Analysis of contribution behaviour
editWhen analysing the productivity of Wikipedians, I was interested in a potential (causal) effect of meetup participation on the extent of contribution and collaboration on Wikipedia.
- I found that there is a change in the level of activity observable around meetup dates, varying to a large degree between users.
- On average, meeting-goers make 39.4 edits in the week before the meeting (minimum 0, maximum 7868) and 37.6 in the week after the meeting (minimum 0, maximum 11,822) in the Wikipedia mainspace.
- On average, meeting-goers make 1992.6 edits in the year before the meeting (minimum 0, maximum 633'557) and 1819.8 in the year after the meeting (minimum 0, maximum 329'932) in the Wikipedia mainspace.
- For the analyses, I took the cube root of the change in the after-before activity as depicted in the stacked barplot (which looks at different time frames and differentiates between mainspace and total activity across all namespaces).
- For the analysis, a control group of similar other users was constructed so that for each meetup date, a difference-in-differences could be calculated, assessing the effect of the meetup in both the short and long term.
- Results show that attending an offline meetup has a positive effect on the contribution behaviour of users. It is not necessarily the case that users increase their contributions after a meetup in comparison to before the meetup, their reduction in contribution is less than the reduction a comparable control group experiences (more detailed results are also in the WikiWorkshop paper).
- In the short term, I find:
- Users who have not edited in the week before a meeting, edit with a predicted probability of 16% the week after the meeting.
- Users who have not edited in the week before a meeting and attended the meeting, edit with a predicted probability of 36% the week after the meeting (20 pp more than the control group).

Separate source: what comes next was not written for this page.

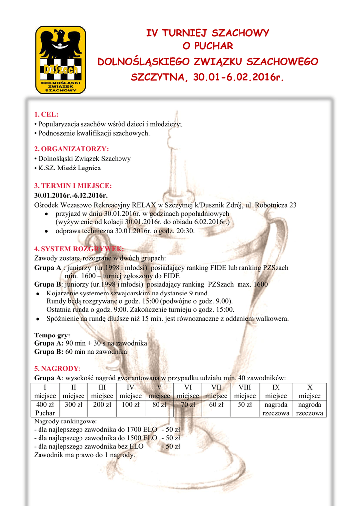 IV TURNIEJ SZACHOWY O PUCHAR DOLNOŚLĄSKIEGO ZWIĄZKU SZACHOWEGO SZCZYTNA, 30.01-6.02.2016r. 1. CEL: • Popularyzacja szachów wśród dzieci i młodzieży; • Podnoszenie kwalifikacji szachowych. 2. ORGANIZATORZY: • Dolnośląski Związek Szachowy • K.SZ. Miedź Legnica 3. TERMIN I MIEJSCE: 30.01.2016r.-6.02.2016r. Ośrodek Wczasowo Rekreacyjny RELAX w Szczytnej k/Dusznik Zdrój, ul. Robotnicza 23 przyjazd w dniu 30.01.2016r. w godzinach popołudniowych (wyżywienie od kolacji 30.01.2016r. do obiadu 6.02.2016r.) odprawa techniczna 30.01.2016r. o godz. 20:30. 4. SYSTEM ROZGRYWEK: Zawody zostaną rozegrane w dwóch grupach: Grupa A : juniorzy (ur.1998 i młodsi) posiadający ranking FIDE lub ranking PZSzach min. 1600 – turniej zgłoszony do FIDE Grupa B: juniorzy (ur.1998 i młodsi) posiadający ranking PZSzach max. 1600 Kojarzenie systemem szwajcarskim na dystansie 9 rund. Rundy będą rozgrywane o godz. 15:00 (podwójne o godz. 9.00). Ostatnia runda o godz. 9:00. Zakończenie turnieju o godz. 15:00. Spóźnienie na rundę dłuższe niż 15 min. jest równoznaczne z oddaniem walkowera. Tempo gry: Grupa A: 90 min + 30 s na zawodnika Grupa B: 60 min na zawodnika 5. NAGRODY: Grupa A: wysokość nagród gwarantowana w przypadku udziału min. 40 zawodników: I II III IV V VI VII VIII IX X miejsce miejsce miejsce miejsce miejsce miejsce miejsce miejsce miejsce miejsce 400 zł 300 zł 200 zł 100 zł 80 zł 70 zł 60 zł 50 zł nagroda nagroda Puchar rzeczowa rzeczowa Nagrody rankingowe: - dla najlepszego zawodnika do 1700 ELO - 50 zł - dla najlepszego zawodnika do 1500 ELO - 50 zł - dla najlepszego zawodnika bez ELO - 50 zł Zawodnik ma prawo do 1 nagrody. Grupa B: I miejsce: Puchar, dyplom oraz nagroda rzeczowa II miejsce: dyplom oraz nagroda rzeczowa III miejsce: dyplom oraz nagroda rzeczowa Wszyscy uczestnicy grupy B otrzymają upominki. 6. DODATKOWE ATRAKCJE: darmowe wejście na kryty basen oraz saunę (co drugi dzień na dwie godziny – wg grafiku podanego na odprawie technicznej); turniej tenisa stołowego; dojazd i powrót autokarem na stoki narciarskie w Zieleńcu (4 razy podczas turnieju) w cenie 10 zł za 1 przejazd (dojazd i powrót) 7. WARUNKI FINANSOWE: Koszt pobytu w OWR Relax z wyżywieniem (3 posiłki dziennie): - 497 zł od osoby (7 dni x 71 zł) – pokoje 2-4 osobowe; - 623 zł od osoby (7 dni x 89 zł) – pokoje jednoosobowe. Wpisowe do turnieju: Open A: 80 zł Open B: 50 zł Wpisowe zawiera opłatę klasyfikacyjno-rankingową. 7. ZGŁOSZENIA: Zgłoszenia do udziału w zawodach oraz rezerwację noclegów należy przesyłać do dnia 10 stycznia 2016r. pocztą e-mail lub telefonicznie do kierownika zawodów Piotra Kowalaka: Kontakt: [email protected] tel.603-033-219 Zgłoszenie powinno zawierać: imię i nazwisko, kategorię, ranking, datę urodzenia (dzień, miesiąc, rok), klub oraz informację odnośnie zakwaterowania. Opłatę za zakwaterowanie oraz wpisowe należy wpłacać do dnia 10 stycznia 2016r. na konto: Dolnośląski Związek Szachowy, ul. Borowska 1-3, 50-529 Wrocław Alior Bank: 51 2490 0005 0000 4530 2174 2296 7. UWAGI KOŃCOWE: Nagrody należy odbierać osobiście podczas zakończenia turnieju; w turnieju obowiązują aktualne przepisy gry FIDE i Kodeksu Szachowego; osoby niepełnoletnie zobowiązane są pozostawać pod opieką osób dorosłych (podczas całego pobytu - wliczając wejścia na basen, saunę i wyjazdy na stoki narciarskie); zawodnicy ubezpieczają się we własnym zakresie; organizator zastrzega sobie prawo do ostatecznej interpretacji i ewentualnych zmian w komunikacie; serwisy turniejowe dostępne będą na stronach internetowych: www.dzszach.pl oraz www.chessarbiter.com

- Users who have edited in the week before a meeting make on average 0.03 edits less in the week after the meeting
- Users who edited in the week before a meeting and attended the meeting make on average 0.01 edits less in the week after the meeting (0.02 edits more than the control group).
- When including more variables than just comparing meetup attendees with non-attendees, I also find that users are more likely to edit and edit more if they have been to a work-related meeting (compared to a social meeting); that after the first meeting, users edit more in all namespaces (not mainspace); and that administrators are generally more active, but have a smaller positive effect from meeting participation.
- In the long term, I find:
- Users who have not edited in the year before a meeting, edit with a predicted probability of 6% the year after the meeting.
- Users who have not edited in the year before a meeting and attended the meeting, edit with a predicted probability of 31% the year after the meeting (25 pp more than the control group).
- Users who have edited in the year before a meeting make on average 12.5 edits less in the year after the meeting.
- Users who edited in the year before a meeting and attended the meeting make on average 3.8 edits less in the year after the meeting (8.7 edits more than the control group).
- Results further show that attendees become more likely to collaborate with each other after a meeting and there is no evidence of shifting the extent of the collaboration to the users that have attended a meetup with a user in favour of those that have not been met.
- All effects, especially regarding collaboration behaviour, are rather small.
Analysis of norm-relevant behaviour
editI conceptually replicated and extended the study of Piskorski and Gorbatai (2017) who tested to what extent the density of a user's online collaboration network is of relevance in regard to norms [3]. This built on the argument put forward by James Samuel Coleman[4]. I tested to what extent the density of a user's offline network is relevant in explaining their norm-relevant behaviour.
- Describing the reverting behaviour of Wikipedians in the German Wikipedia shows a strong increase in the usage of the feature in the first few years of Wikipedia. In 2001, the first year of the German Wikipedia, four edits were reverted. The number of reverts increased in the early years of Wikipedia up until around 2007 when it stabilised until it started to decrease starting in 2011. Since around 2014, it has been on a stable level with around 400'000 reverts each year is observable.
- Most years, the majority of reverts are done by registered users who revert IPs. Similar to the development of the total number of reverts, the number of such User > IP-reverts increased in the early years but has been on a decreasing trend in the recent past. Instances in which a user reverts another user also occur relatively often. These cases had been increasing in the early years and remain on a relatively stable level since 2007 with around 200'000 reverts per year. Instances in which IPs revert other IPs or users are comparatively rare, particularly the former.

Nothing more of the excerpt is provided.